Money is tight right now, and Ellen is having a hard time paying her bills. She has been thinking about taking a loan from her 401(k) account but isn’t sure if it’s the right thing to do.
A retirement plan loan has both pros and cons. On the plus side, the loan process is quick and easy. Another plus is that the loan “interest” Ellen is charged will be redeposited in her plan account. Also, the loan won’t have an impact on Ellen’s credit rating because 401(k) plans don’t report loan activity to credit rating agencies.
On the negative side, Ellen will have to pay income taxes on the earnings she uses to repay the loan. This means her money will be taxed twice — once when she earns it and pays back the loan and again in the year she receives taxable distributions from her plan. Ellen should also be aware that the plan will have limits on how much she can borrow, and a fee may be charged in connection with the loan.
Another important point Ellen should consider: She will sacrifice potential opportunities for investment growth, since the money she’s borrowed will no longer be invested while the loan is outstanding.

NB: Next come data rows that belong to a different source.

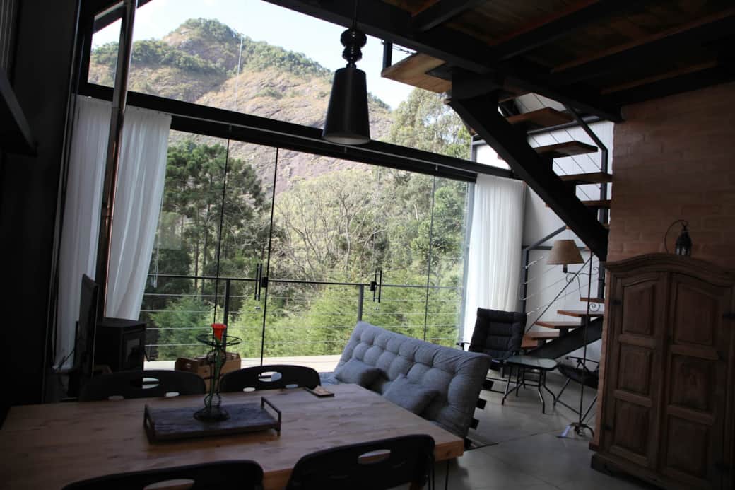A ampla fachada de vidro transforma a paisagem em um verdadeiro cenário vivo: o nascer do sol, o céu estrelado e o silêncio da montanha criam o ambiente perfeito para relaxar e se desconectar.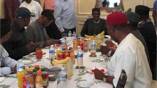 Buramatari Rochas Okorocha ari mu bagiye kuraba Buhari amenyeshako nabo nyene babajije umukuru w’igihugu ibivugwa ko ubuzima bwiwe bugeramiwe ariko ngo yaguma abatwenga.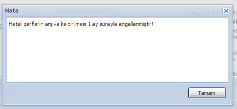 Bazı kullanıcılar maalesef zarf hata verse de hatayı inceleyip hata mesajına ve hata ayrıntısına göre 3148 ve 2614 numaralı soruların cevaplarına bakarak işlem yapmaları gerektiği noktasını atlayıp faturanın alıcıya başarıyla ulaştığını düşünmekteydi. Bu uyarı kullanıcının dikkatini çekmek için gereklilik üzerine koyulmuştur. Bu uyarıdaki 1 aylık süre fatura tarihine göre değil, hata alan zarfın gönderilme tarihine göre hesaplanmaktadır. Zarfınızın gönderilme tarihinden 1 ay sonra faturanızı arşive alabilirsiniz. Hatayı inceleyip hata mesajına ve hata ayrıntısına göre 3148 ve 2614 numaralı soruların cevaplarına bakarak işlem yapınız. |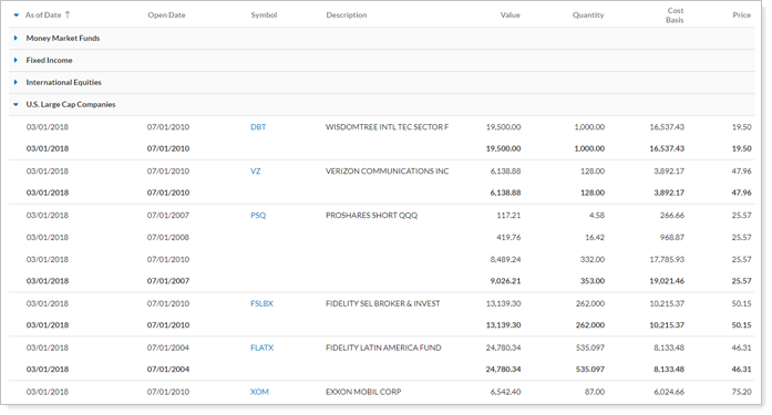 In this example, Amazon (AMZN) and Apple (AAPL) were added to the security group "All Legacy Holdings." The selected check box combines those securities into one line item.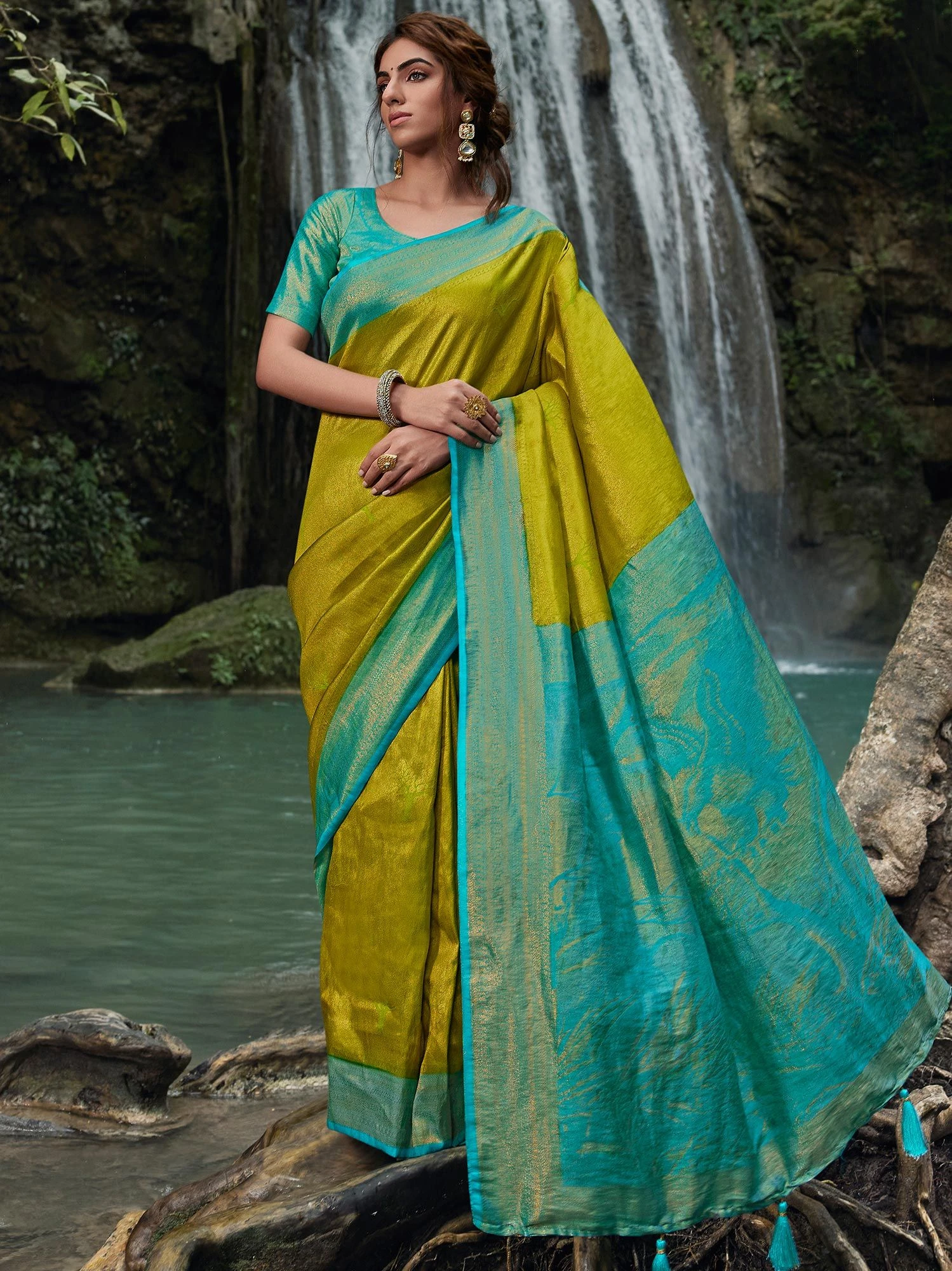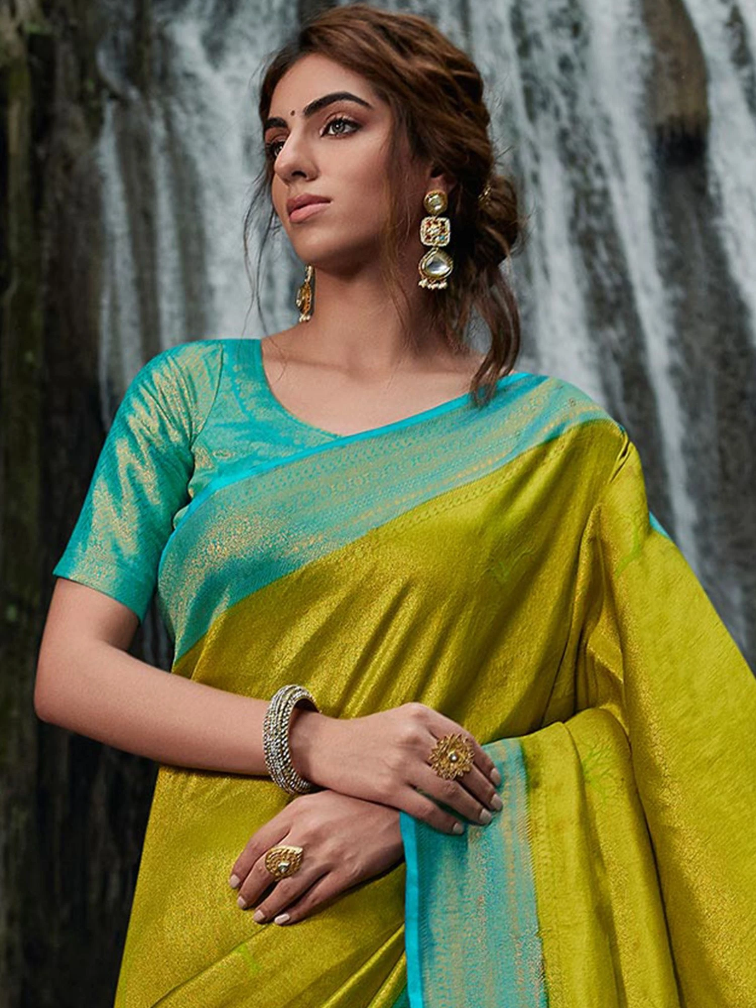 Exude festive vibes adorning this neon green color saree made in silk. Crafted with woven patterns using zari, showcasing distinstive borders and pallu. Assembled with a matching bright blue color woven blouse in silk. Note: The accessories featured are purely for fashion purposes. Due to photography reasons, some color variations may occur. The un-stitched blouse may be customized up to 42 inches.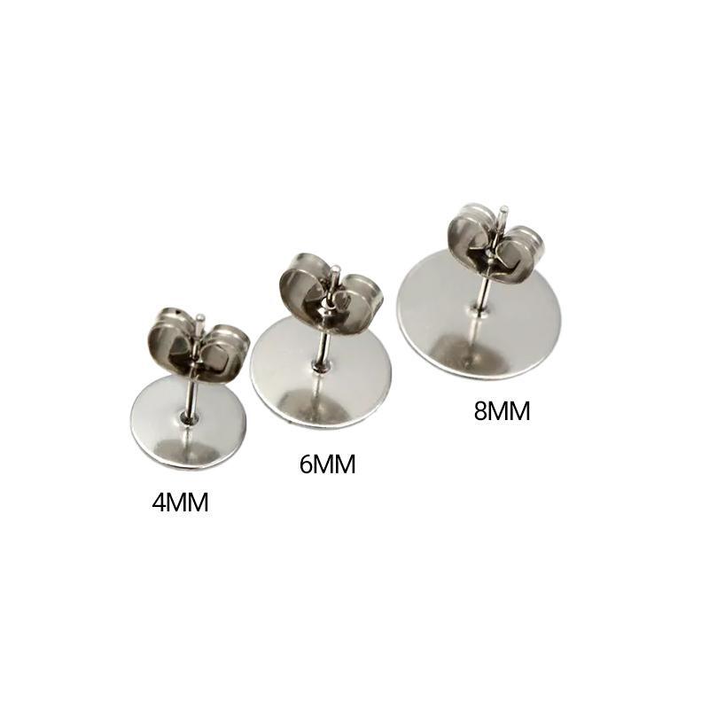 ?MATERIAL AND SIZE? The hypoallergenic earring posts and backs are made of steel; safe, and non-toxic. Earrings posts length: 12mm. 3 sizes flat pad diameter: 4mm 6mm 8mm, pin thickness 0.7mm. Earrings back length: 5mm and 3.5mm thickness.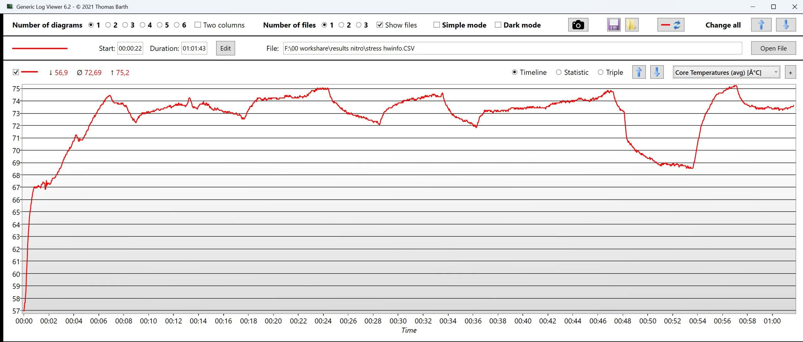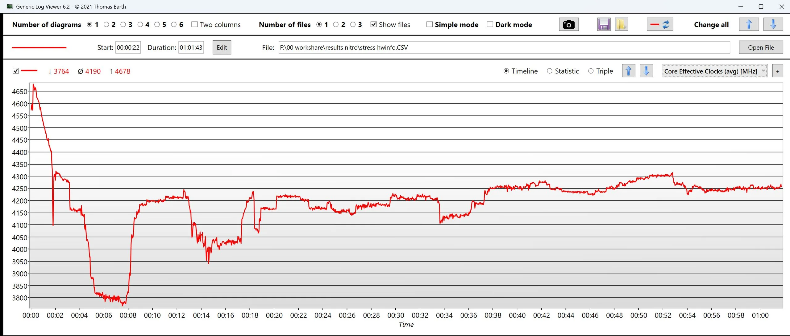 | CPU Clock (GHz) | GPU Clock (MHz) | Average CPU Temperature (°C) | Average GPU Temperature (°C) | |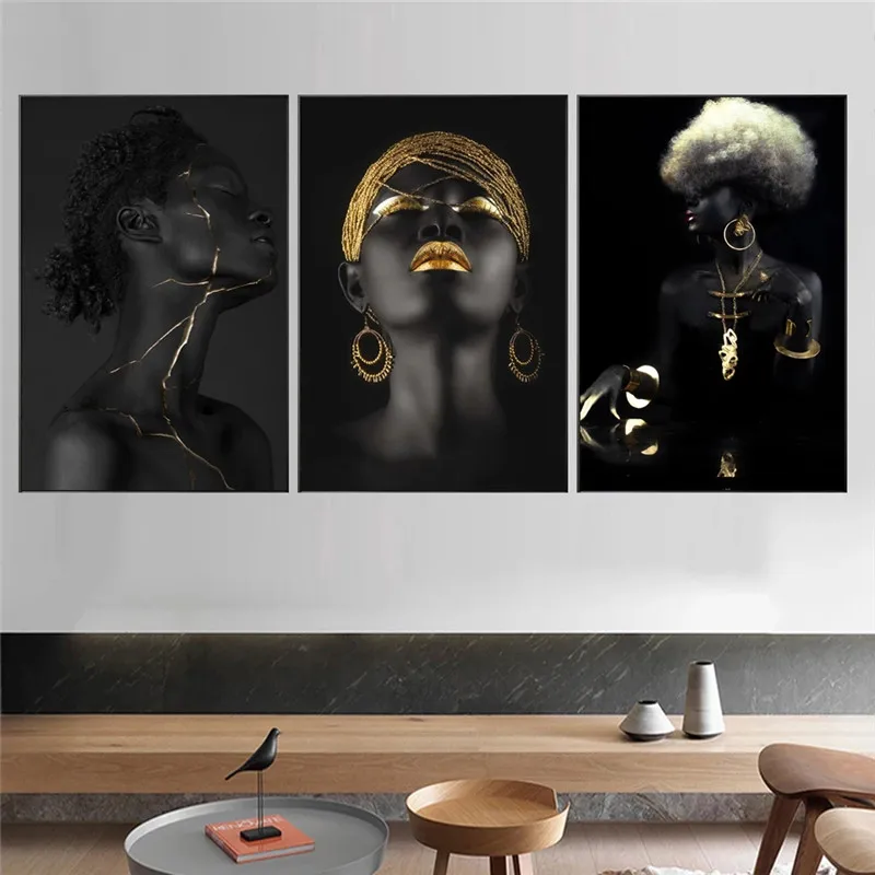 Африканское женское лицо сексуальные Золотые губы холст настенные к...

In addition, if Ellen leaves her employer, the outstanding loan balance likely will be due shortly after separation and will be subject to income taxes and possibly a 10% penalty if not repaid promptly.
Consider all your options and weigh the pros and cons carefully before making a decision about borrowing from your retirement plan.
Client Profile is based on a hypothetical situation. The solutions we discuss may or may not be appropriate for you.